Activity
Set down the first line below and each line after it, ending with the one that holds "Sexy snakeskin print". Pictures do not belong in the copy.

Data shown
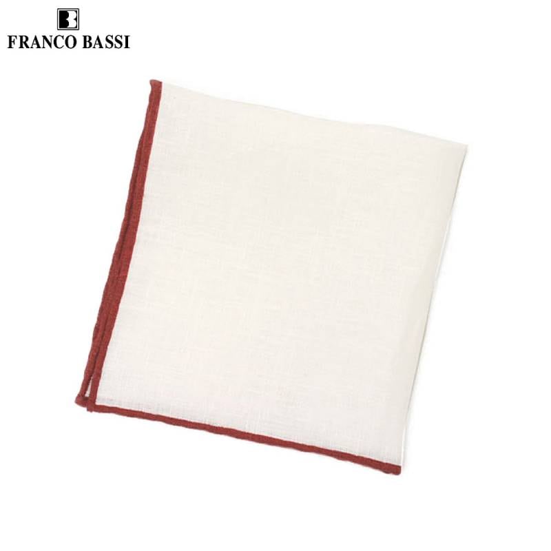 FRANCOBASSI【フランコバッシ】チーフ 1003/2 リネン 無地 ホワイト×レッド
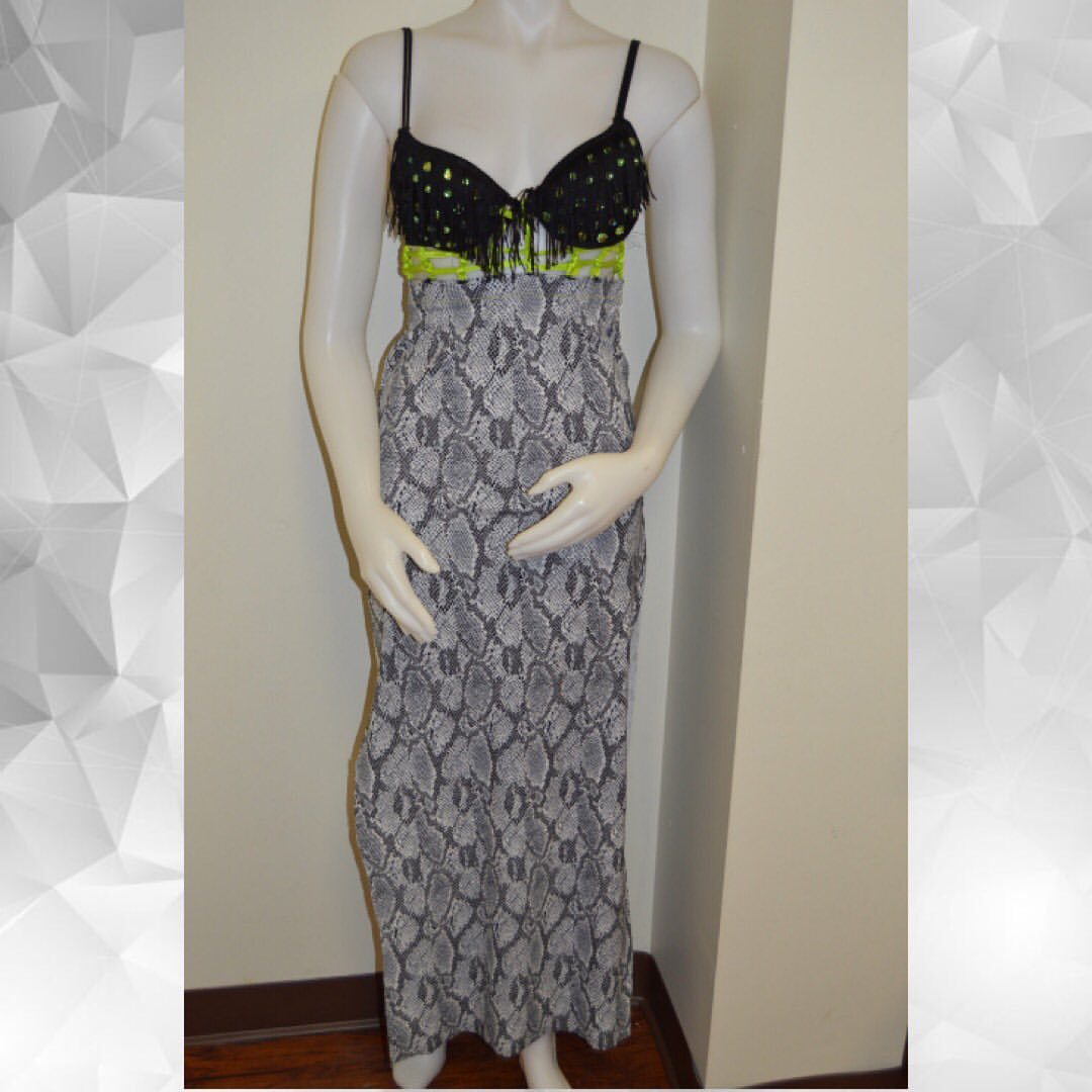 Sexy snakeskin print stretch dress with lime green cut out midriff and fringe and rhinestone embellished bra top. Club/costume performance
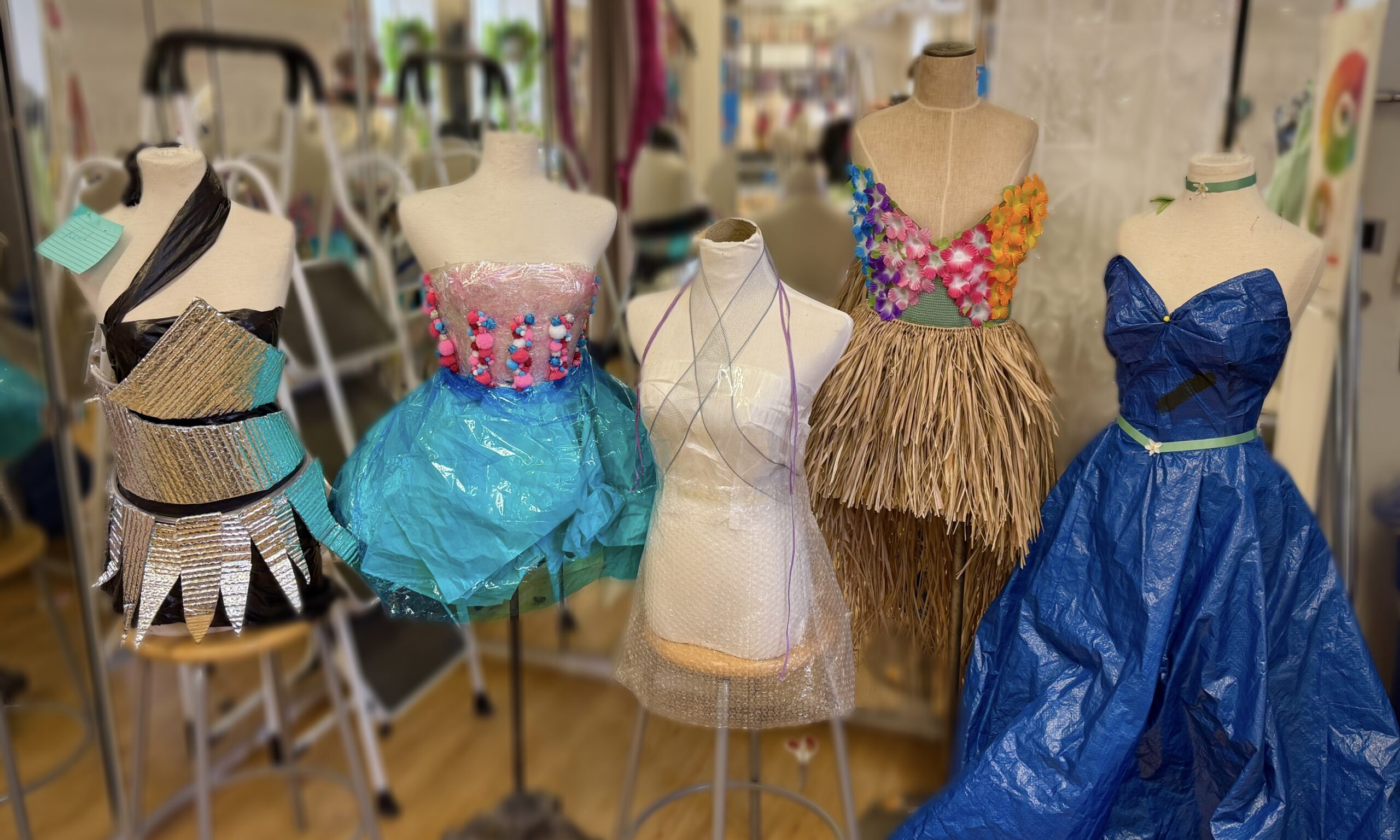 Even with unconventional materials at the center of the process, each student still found opportunities to communicate their perspective through the work. Reflective insulation material reminded one student of David Bowie, leading her to adopt a spiky, performance-inspired silhouette. Another leaned into his nature-based materials by creating a tropical look. As Margarita Zalcman ’28 shares, “I wanted to stray away from classic designs. This project is all about trying something new.”

Your response
 FRANCOBASSI【フランコバッシ】チーフ 1003/2 リネン 無地 ホワイト×レッド
 Sexy snakeskin print stretch dress with lime green cut out midriff and fringe and rhinestone embellished bra top. Club/costume performance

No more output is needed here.